▶ The data
____

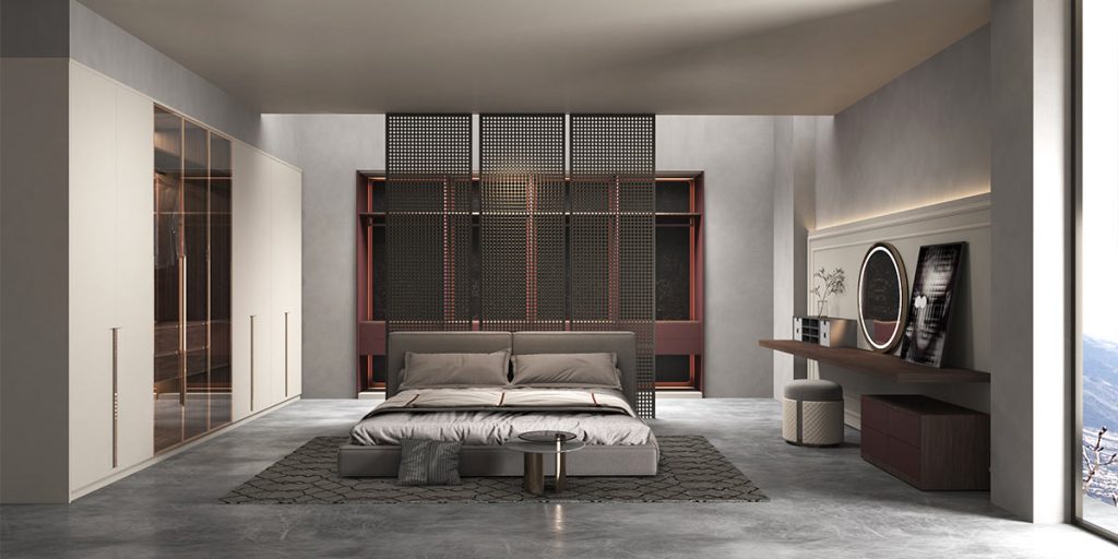 Lacquer Walk in Wardrobe The bedroom and walk-in wardrobe are combined into one, creating the most comfortable and pleasant resting space. The combination of sun red and light grey lacquer finishes shows the elegant Italian home decoration style. The wardrobe cabinets are a built-in design, and the cabinet doors are matched with exquisite metal handles,…
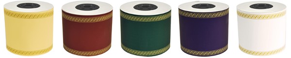 Disponemos de ribbon de distintos colores: verde, rojo, morado, azul, negro y opciones de acabado metálico, con impresiones en oro o plata. Llámenos y le asesoraremos para que pueda realizar sus propias impresiones de las contas de las coronas funerarias y las cintas de ramos para novias.
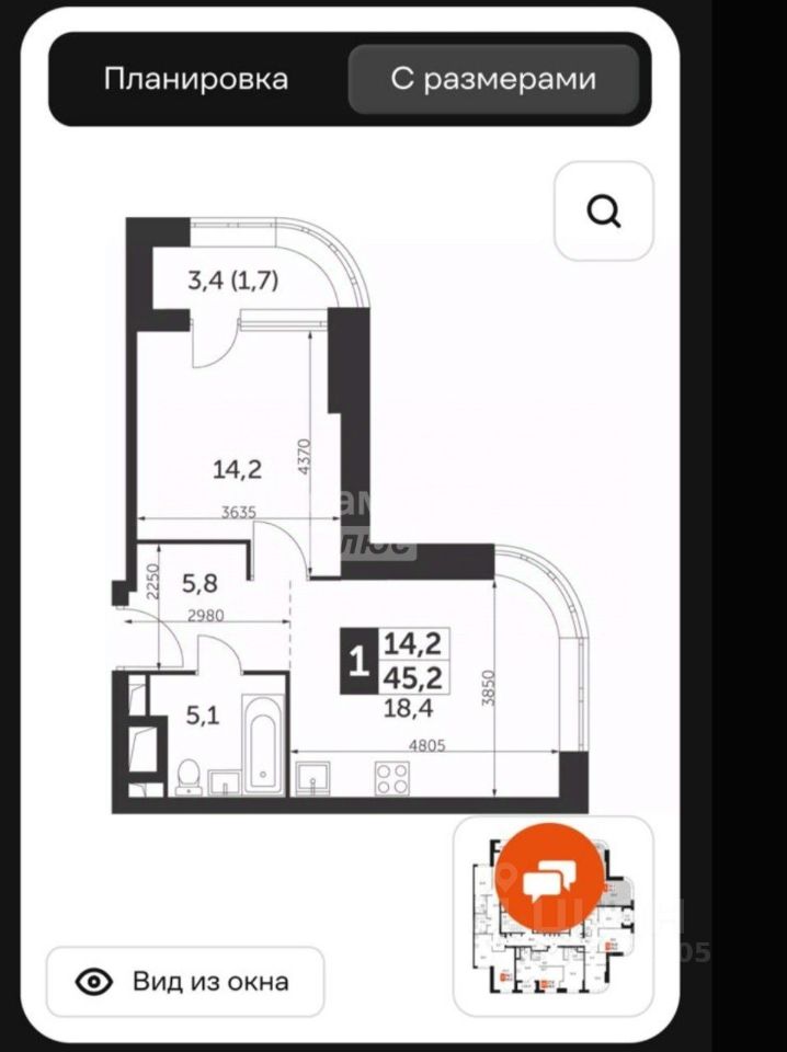 45 кв.м элегантности: Продуманная планировка , где каждый метр работает на ваш комфорт. Увеличенные окна на высоте создают ощущение полёта над городом.
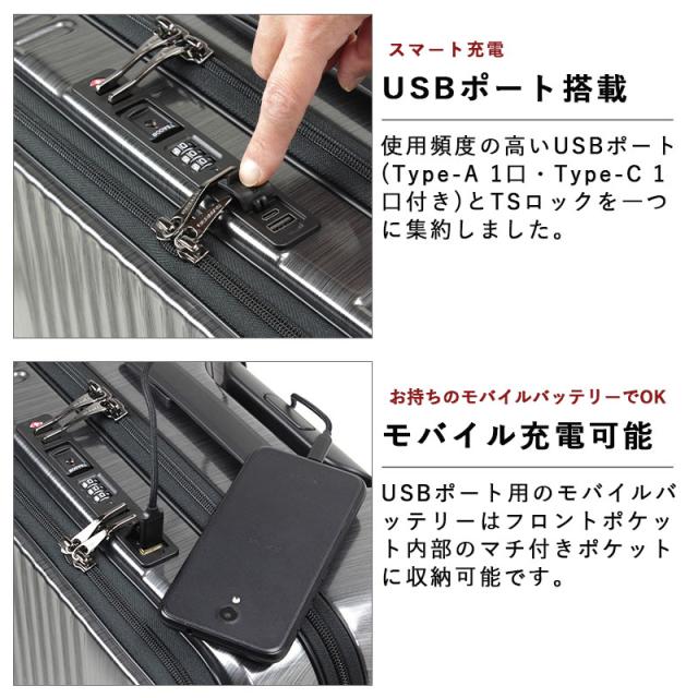 スマートフォンなどの機器の充電に便利なUSBポート2口付きのTSロック(ダイヤルロック式)を装備

____

▶ What this task involves
No pictures should appear in the copy. Reproduce exactly the lines from the line containing "45 кв.м элегантности: Продуманная" through the last line of the data, inclusive.

▶ Task result
 45 кв.м элегантности: Продуманная планировка , где каждый метр работает на ваш комфорт. Увеличенные окна на высоте создают ощущение полёта над городом.
 スマートフォンなどの機器の充電に便利なUSBポート2口付きのTSロック(ダイヤルロック式)を装備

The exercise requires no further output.